Guardie e ladri, colpevoli e innocenti, legalitari e sovversivi, rispettosi e rivoluzionari.

C’è sempre qualcuno che ruba qualcosa, e qualcun altro che insegue, proprio come in Guardie e Ladri, ma oggi i buoni sono spesso dalla parte sbagliata. Le posizioni si confondono, le idee si mescolano. E’ una linea sottile quella che divide la legalità dall’illegalità nel campo della libertà di parola, nella fuga di notizie, nell’attivismo, nel copyleft, nell’appropriazionismo e nell’interventismo. Sono concetti che hanno anche un inevitabile impatto su altre aree con le quali sono correlati, come la libertà di stampa, la proprietà intellettuale, la condivisione del sapere, la protesta e lo spazio pubblico.

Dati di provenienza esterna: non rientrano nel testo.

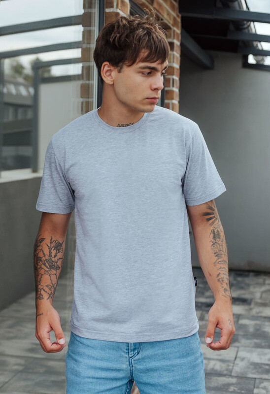 Стильная однотонная футболка классического кроя из хлопкового трикотажа с добавлением эластана.
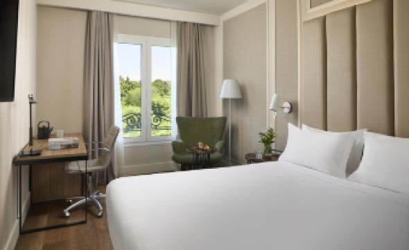 When staying at the NH Madrid Nacional hotel, you will be in a privileged location on Paseo del Prado and steps away from Madrid’s Art Triangle. The Prado, Thyssen and Reina Sofia museums are right by the hotel. The 1920s building was designed by the famous architect Modesto López Otero and is located across the street from the Atocha train station. This means it provides excellent links to everywhere in the city, including the airport. NH Madrid Nacional has 206 rooms with a choice of classic or contemporary designs. Each features sleek wooden floors and free Wi-Fi. Some of the rooms come with views of the Atocha Plaza or the Botanical Gardens, while Superior rooms have Nespresso machines, among other extras. The Tablafina restaurant serves up light bites and Mediterranean and Spanish dishes, which you can enjoy along with the lovely city view. Breakfast is also served and includes a wide variety of fresh fare including cooked-to-order eggs. A gym is available on-site. For meetings, there are 6 function rooms for up to 150 people, where catering can be arranged. On Sundays, sleep in and enjoy our free late checkout and breakfast served till noon.

Share Festival è un’occasione per riflettere sull’emergere di uno sfondo sociale che ha trasformato i paradigmi su cui si basa una società digitalizzata e globale. In questo contesto sorgono questioni politiche legate alla democrazia e alla partecipazione, alla visione critica dell’informatizzazione della cultura e dei processi sociali condivisi.

Chi è l’autore oggi? Di chi è la proprietà dei dati che forniamo in rete? Chi si appropria e chi si insegue?

Una risposta a queste domande emerge dalle pratiche artistiche della mostra Share Prize, che contiene opere che esprimono un’estetica che segna il passaggio dalla società dello spettacolo alla società della partecipazione, da Fluxus e dal Situazionismo all’arte in epoca digitale, dalle Biennali allo Share Festival. Gli artisti ci dimostrano che l’originale non conta più del suo fake, e la strategia di comunicazione creata ad hoc è la parodia del messaggio: convergono politica, newmedia, arte.

Gli ospiti delle conferenze in qualche modo sono robbers, falsari, pranker, culture jammers, interventisti, ladri di segni, costruttori di simboli, provocatori politici, hacktivisti che occupano i tazebao digitali, le telecamere di sorveglianza, hackerano i sistemi di informazione della città, reclamando le strada, incitano alla partecipazione, ribaltando i punti di vista. E la partecipazione assume un’istanza di risveglio al dissenso, di attivismo e il Festival diventa il contenitore di un messaggio provocatorio, paradossale, al limite della legalità.

Voi da che parte siete: Guardie o Ladri?